Rootly is an all-in-one platform that streamlines collaboration, communication, and learning. It automates away manual toil engineers suffer through today and captures data-driven insights. With Rootly, companies accelerate their incident resolution and learn how to prevent them in the future.
Teams depend on Rootly to improve their reliability:
- Collaborate: Seamlessly handoff alerts from PagerDuty to quickly declare incidents from your tool of choice like Slack. Automatically involve all the right teams in seconds, not minutes. Beyond just engineering but loop in legal, support, and sales. With intelligent workflows, no more wondering what team owns which service or who should be responsible for what. Rootly does the heavy lifting for you.
- Communicate: Build your incident timeline through Web or Slack. Autolink war rooms with our Zoom & Google Meet integrations. Rich and customizable private and public status pages ensure everyone is updated while you focus on what you do best, fighting fires.

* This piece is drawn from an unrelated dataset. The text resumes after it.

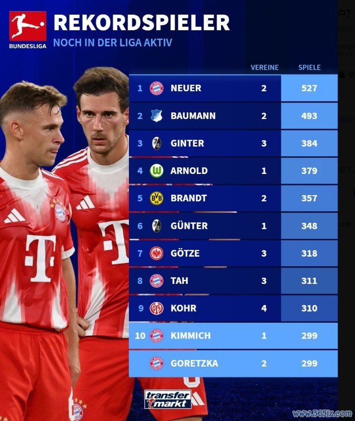 9月26日讯 德国转会市场盘点了德甲现役球员联赛出场数,诺伊尔以527场居首, 国际米兰足球直播基米希、格雷茨卡均299场闯进前10, 德甲即将迎来300场里程碑。

- Remediate: Enrich your timeline with automated Genius workflows. Fetch relevant information as recent git commits of your impacted services. Customize your workflows based on any incident condition.

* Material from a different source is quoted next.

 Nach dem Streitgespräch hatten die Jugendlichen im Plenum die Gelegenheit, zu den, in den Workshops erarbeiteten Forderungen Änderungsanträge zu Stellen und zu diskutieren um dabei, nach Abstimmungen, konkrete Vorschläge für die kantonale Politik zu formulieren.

- Retrospective: Learn from incidents with beautiful postmortems engineers want to write without the manual toil of copy and pasting. Accurately replay past incidents to help simulate real world disaster scenarios to train engineers faster and keep their tools sharp. Organized and easily shared, not buried in a Google Doc that can’t be found.
All-in-one incident response platform for humans.